:: EXERCISE DATA ::
=-=-=-=-=
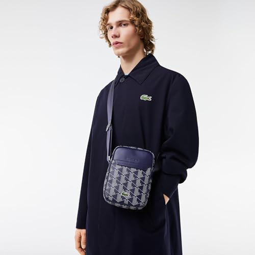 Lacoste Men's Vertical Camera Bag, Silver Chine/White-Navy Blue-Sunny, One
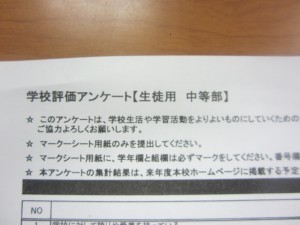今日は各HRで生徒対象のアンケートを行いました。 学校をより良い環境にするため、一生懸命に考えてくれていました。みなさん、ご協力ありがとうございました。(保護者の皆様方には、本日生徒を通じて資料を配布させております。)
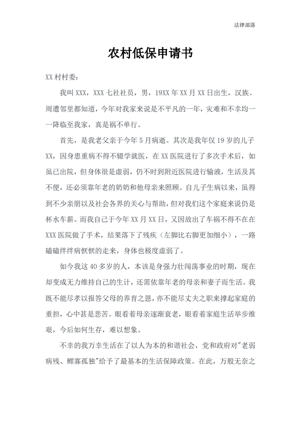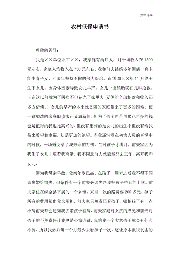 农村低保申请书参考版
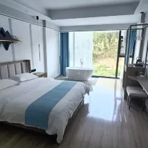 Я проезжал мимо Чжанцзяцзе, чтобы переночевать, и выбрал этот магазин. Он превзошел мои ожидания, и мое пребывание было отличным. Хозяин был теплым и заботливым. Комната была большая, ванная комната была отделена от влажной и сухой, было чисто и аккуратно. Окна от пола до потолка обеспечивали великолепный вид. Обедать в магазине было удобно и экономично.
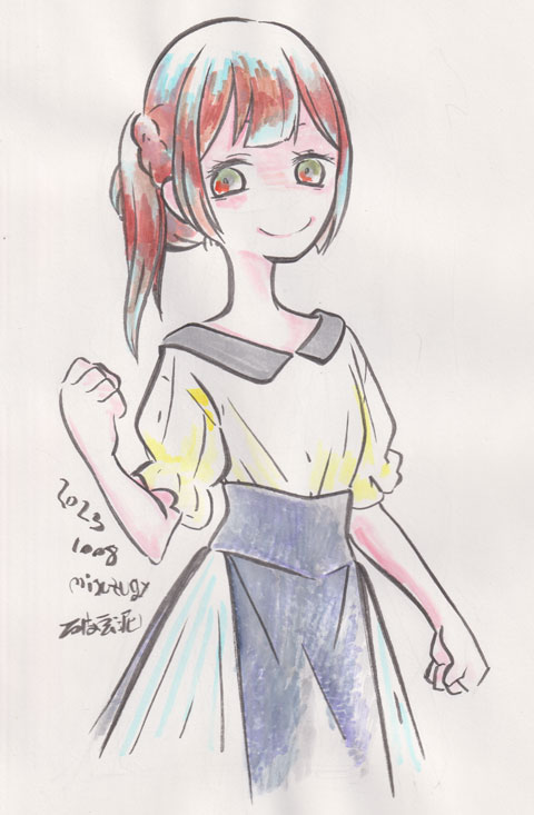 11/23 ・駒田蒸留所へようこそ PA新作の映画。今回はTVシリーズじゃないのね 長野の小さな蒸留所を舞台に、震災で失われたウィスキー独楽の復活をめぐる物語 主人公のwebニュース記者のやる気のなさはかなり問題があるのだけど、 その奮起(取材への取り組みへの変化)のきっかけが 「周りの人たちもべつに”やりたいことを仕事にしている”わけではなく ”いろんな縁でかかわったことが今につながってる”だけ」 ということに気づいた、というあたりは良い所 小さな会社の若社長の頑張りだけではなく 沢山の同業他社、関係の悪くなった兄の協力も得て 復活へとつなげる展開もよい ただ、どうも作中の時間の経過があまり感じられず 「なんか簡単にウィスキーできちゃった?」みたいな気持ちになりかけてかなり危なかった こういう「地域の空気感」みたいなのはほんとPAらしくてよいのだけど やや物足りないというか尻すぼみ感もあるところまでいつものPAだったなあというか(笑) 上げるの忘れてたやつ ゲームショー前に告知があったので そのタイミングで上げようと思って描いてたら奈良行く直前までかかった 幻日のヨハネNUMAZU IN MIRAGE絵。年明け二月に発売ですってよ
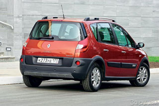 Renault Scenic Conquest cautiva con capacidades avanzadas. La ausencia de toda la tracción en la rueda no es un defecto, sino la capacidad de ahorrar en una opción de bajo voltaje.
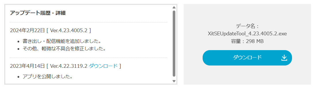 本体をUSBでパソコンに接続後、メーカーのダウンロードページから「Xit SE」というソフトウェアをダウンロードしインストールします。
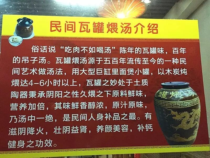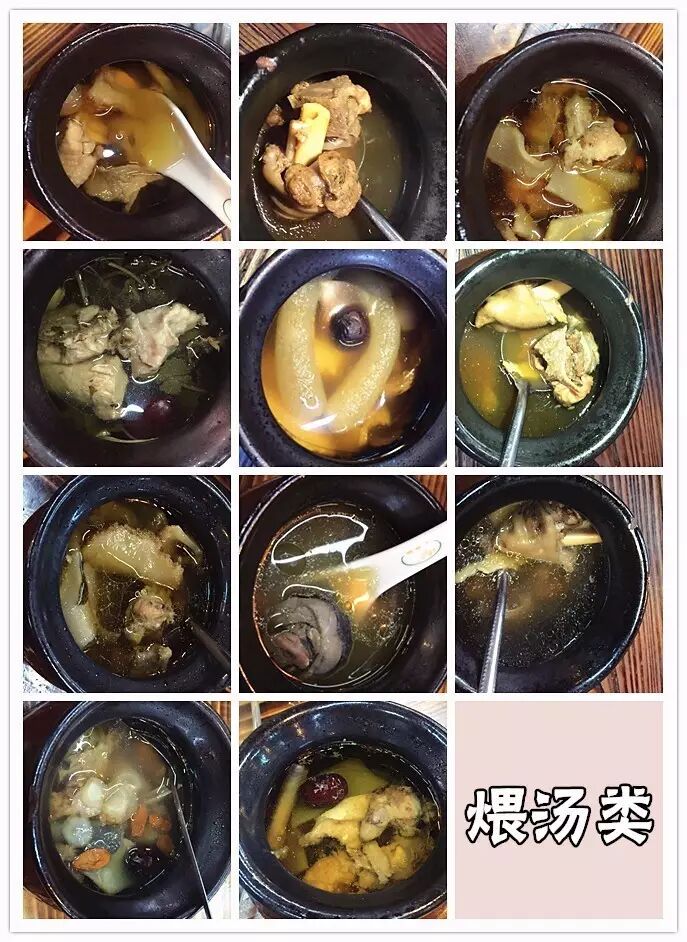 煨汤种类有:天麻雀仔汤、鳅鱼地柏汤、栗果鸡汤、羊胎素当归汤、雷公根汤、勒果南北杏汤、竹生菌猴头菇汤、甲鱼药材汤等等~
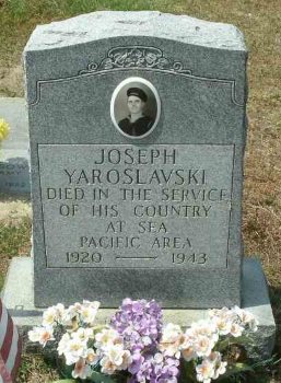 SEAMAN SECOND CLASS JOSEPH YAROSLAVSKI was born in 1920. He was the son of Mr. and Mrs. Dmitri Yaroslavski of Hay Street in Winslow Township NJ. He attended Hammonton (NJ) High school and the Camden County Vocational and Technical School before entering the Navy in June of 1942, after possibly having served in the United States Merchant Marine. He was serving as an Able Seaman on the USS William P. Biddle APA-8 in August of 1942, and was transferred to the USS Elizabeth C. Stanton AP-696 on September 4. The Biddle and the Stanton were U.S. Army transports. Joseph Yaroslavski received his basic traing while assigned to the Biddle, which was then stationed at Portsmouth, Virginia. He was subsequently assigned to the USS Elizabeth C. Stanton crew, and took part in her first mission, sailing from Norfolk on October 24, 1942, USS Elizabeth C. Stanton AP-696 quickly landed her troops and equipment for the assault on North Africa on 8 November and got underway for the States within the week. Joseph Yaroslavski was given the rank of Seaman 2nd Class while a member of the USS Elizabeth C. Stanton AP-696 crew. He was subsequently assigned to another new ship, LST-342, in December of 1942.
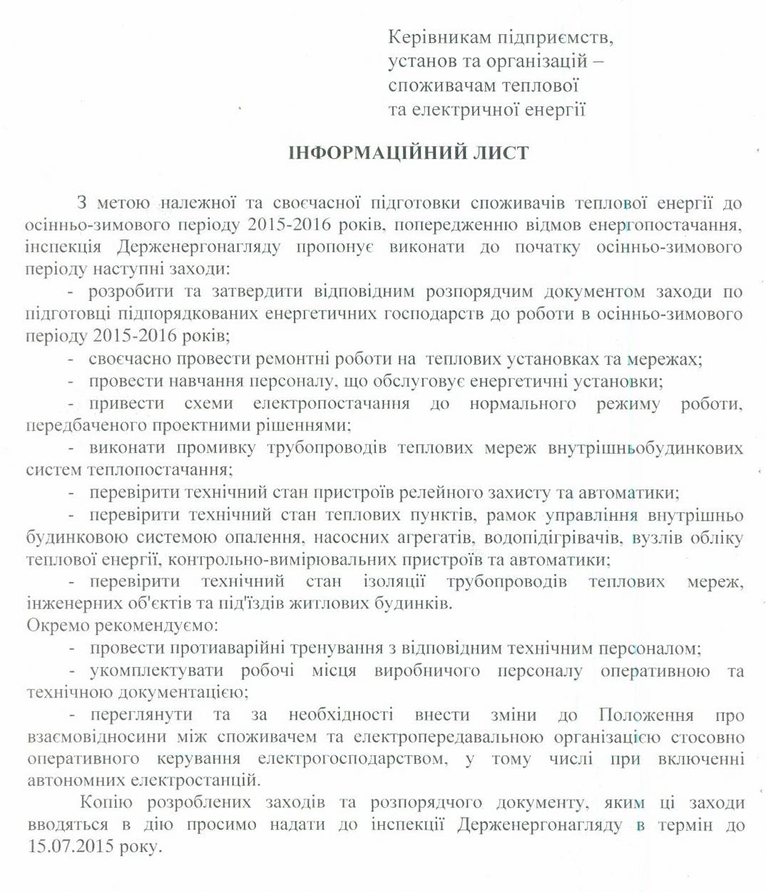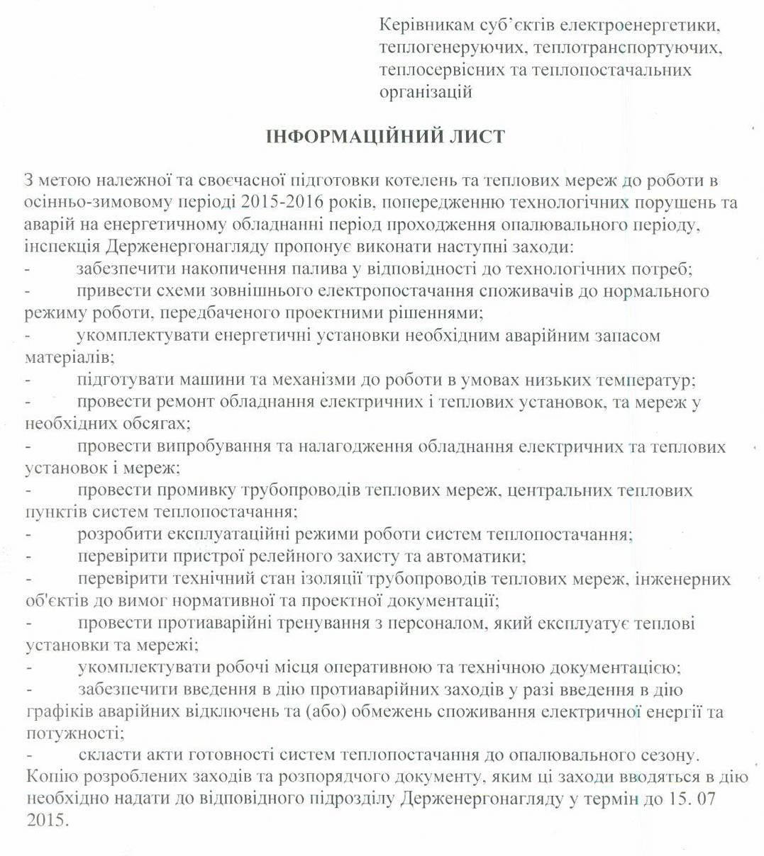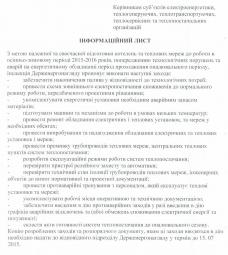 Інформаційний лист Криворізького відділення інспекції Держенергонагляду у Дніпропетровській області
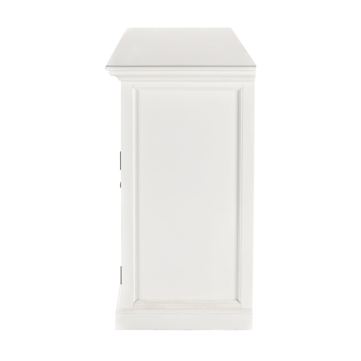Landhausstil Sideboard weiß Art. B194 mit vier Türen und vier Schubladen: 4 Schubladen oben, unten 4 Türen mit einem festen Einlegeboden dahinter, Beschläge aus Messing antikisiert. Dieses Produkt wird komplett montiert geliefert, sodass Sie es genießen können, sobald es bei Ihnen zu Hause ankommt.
=-=-=-=-=
:: WHAT IS EXPECTED ::
Before answering, find the line with "11/23 ・駒田蒸留所へようこそ PA新作の映画。今回はTVシリーズじゃないのね" in the records above; then reproduce exactly each line from the first through that line, leaving out pictures.

:: REPLY ::
 Lacoste Men's Vertical Camera Bag, Silver Chine/White-Navy Blue-Sunny, One
今日は各HRで生徒対象のアンケートを行いました。 学校をより良い環境にするため、一生懸命に考えてくれていました。みなさん、ご協力ありがとうございました。(保護者の皆様方には、本日生徒を通じて資料を配布させております。)
 农村低保申请书参考版
 Я проезжал мимо Чжанцзяцзе, чтобы переночевать, и выбрал этот магазин. Он превзошел мои ожидания, и мое пребывание было отличным. Хозяин был теплым и заботливым. Комната была большая, ванная комната была отделена от влажной и сухой, было чисто и аккуратно. Окна от пола до потолка обеспечивали великолепный вид. Обедать в магазине было удобно и экономично.
 11/23 ・駒田蒸留所へようこそ PA新作の映画。今回はTVシリーズじゃないのね 長野の小さな蒸留所を舞台に、震災で失われたウィスキー独楽の復活をめぐる物語 主人公のwebニュース記者のやる気のなさはかなり問題があるのだけど、 その奮起(取材への取り組みへの変化)のきっかけが 「周りの人たちもべつに”やりたいことを仕事にしている”わけではなく ”いろんな縁でかかわったことが今につながってる”だけ」 ということに気づいた、というあたりは良い所 小さな会社の若社長の頑張りだけではなく 沢山の同業他社、関係の悪くなった兄の協力も得て 復活へとつなげる展開もよい ただ、どうも作中の時間の経過があまり感じられず 「なんか簡単にウィスキーできちゃった?」みたいな気持ちになりかけてかなり危なかった こういう「地域の空気感」みたいなのはほんとPAらしくてよいのだけど やや物足りないというか尻すぼみ感もあるところまでいつものPAだったなあというか(笑) 上げるの忘れてたやつ ゲームショー前に告知があったので そのタイミングで上げようと思って描いてたら奈良行く直前までかかった 幻日のヨハネNUMAZU IN MIRAGE絵。年明け二月に発売ですってよ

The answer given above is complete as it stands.